I'm reading my new copy of Wierzbicka's semantics book and she supposes
a small closed set of less than 100 concepts that are universally found
in spoken language. I suppose the same set will be found in the
semantic assembly language of the function set that your computer
inputs funnel to. She is also working on a minimalist universal
grammar, all empirically based. I'm putting the Wierzbickas into
Nilenga-NGL and translating the tenses into vector tense.
>The two modes I can think of are "imperative" as in Perl/Python/etc,
>or "declarative" as in Prolog and backward-chaining logic systems.
Perhaps we can describe the languages as more or less deterministic.
The desiderative would be then much less deterministic, it seems that
such a language would be capable of writing itself to reach a goal.
Just as "the wish is the father of the deed", such a desiderative
language would have to be capable of self-programming. I seem to be
getting into one of those never never lands of artificial intelligence,
and making no progress also. Statistics, chaos theory, attractors, huge
databases, would seem to have to be parts of such capability.

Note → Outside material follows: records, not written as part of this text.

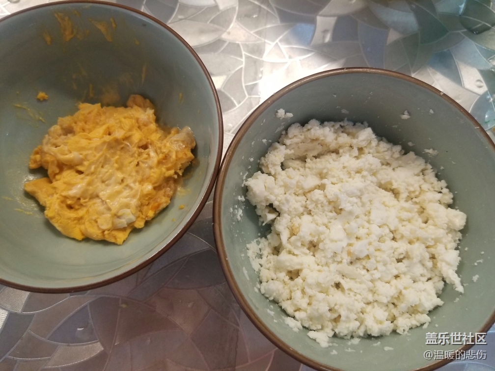 咸鸭蛋的蛋黄和蛋白分开,碾碎备用
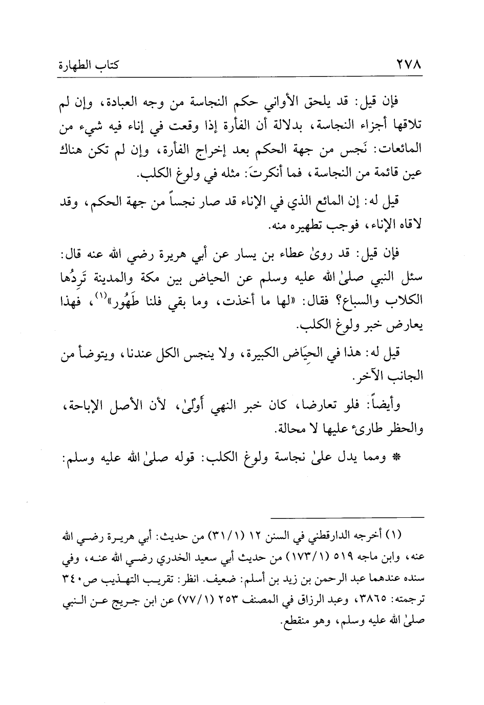 فإن قيل: قد روى عطاء بن يسار عن أبي هريرة رضي الله عنه قال: سئل النبي صلى الله عليه وسلم عن الحياض بين مكة والمدينة تردها الكلاب والسباع؟ فقال: "لها ما أخذت، وما بقي فلنا طهور"، فهذا يعارض خبر ولوغ الكلب.
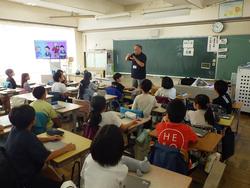 英語ルームでは、専科の先生が5年生と授業中です。タブレットも活用しています。
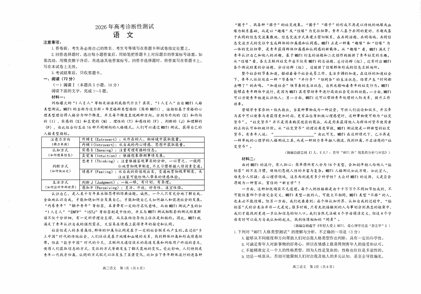 高三语文--山东烟台市2026届高三下学期诊断性考试(烟台一模)

The trend of modeling the computer on its creator continues. Perhaps
simple life forms will indwell in future computers to serve as
"motivators" or "wanters". Like dog and master they will function as a
team. I'd better stop here before even conculturalists start to wonder
at my sanity.
Gerald Koenig
>I think we need a new "desiderative" mode, whatever that may mean.
>It appears to me now that syntax and morphology are no problem,
>rather it (the mystery) is all in the semantics.
>
>--
>As they say in Tepa: hike waipettu.